WHAT THE TASK REQUIRES ::
In the records below, reproduce exactly the lines from the one containing "Toddler Girl Casual" through the one containing "Margarete Gröwel was", both included, and omit the pictures.
*** THE DATA Section Begins ***
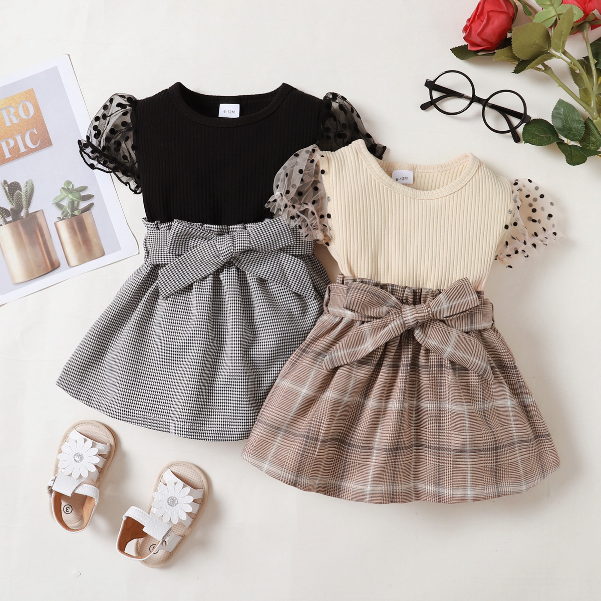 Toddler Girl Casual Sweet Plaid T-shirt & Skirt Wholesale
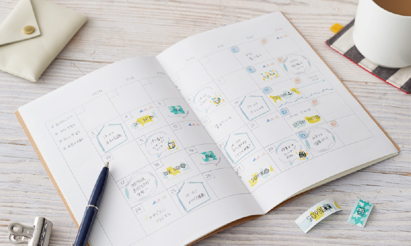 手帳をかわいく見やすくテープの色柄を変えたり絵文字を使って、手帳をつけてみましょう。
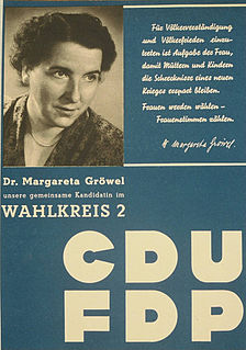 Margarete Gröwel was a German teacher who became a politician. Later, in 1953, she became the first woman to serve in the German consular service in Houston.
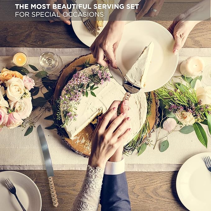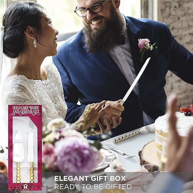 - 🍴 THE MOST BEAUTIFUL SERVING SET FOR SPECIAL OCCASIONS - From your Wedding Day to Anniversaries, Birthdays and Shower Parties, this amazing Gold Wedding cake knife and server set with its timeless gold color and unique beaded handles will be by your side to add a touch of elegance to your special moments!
*** THE DATA Section Ends ***
*** THE DATA Section Begins ***
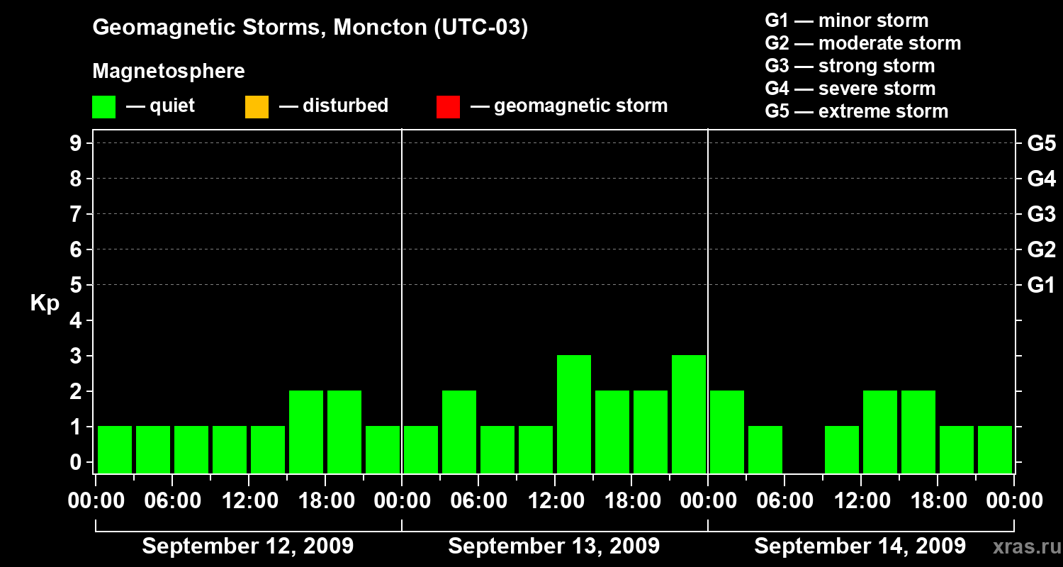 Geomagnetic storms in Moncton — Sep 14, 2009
*** THE DATA Section Ends ***
*** THE DATA Section Begins ***
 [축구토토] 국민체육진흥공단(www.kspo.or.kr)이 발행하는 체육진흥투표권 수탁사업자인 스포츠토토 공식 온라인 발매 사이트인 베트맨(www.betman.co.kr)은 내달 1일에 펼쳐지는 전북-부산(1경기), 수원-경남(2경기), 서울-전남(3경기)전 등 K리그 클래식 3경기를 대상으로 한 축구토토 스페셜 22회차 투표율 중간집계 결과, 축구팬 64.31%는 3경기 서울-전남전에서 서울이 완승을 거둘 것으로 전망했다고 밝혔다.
*** THE DATA Section Ends ***
REPLY TO THE TASK ::
 Toddler Girl Casual Sweet Plaid T-shirt & Skirt Wholesale
 手帳をかわいく見やすくテープの色柄を変えたり絵文字を使って、手帳をつけてみましょう。
 Margarete Gröwel was a German teacher who became a politician. Later, in 1953, she became the first woman to serve in the German consular service in Houston.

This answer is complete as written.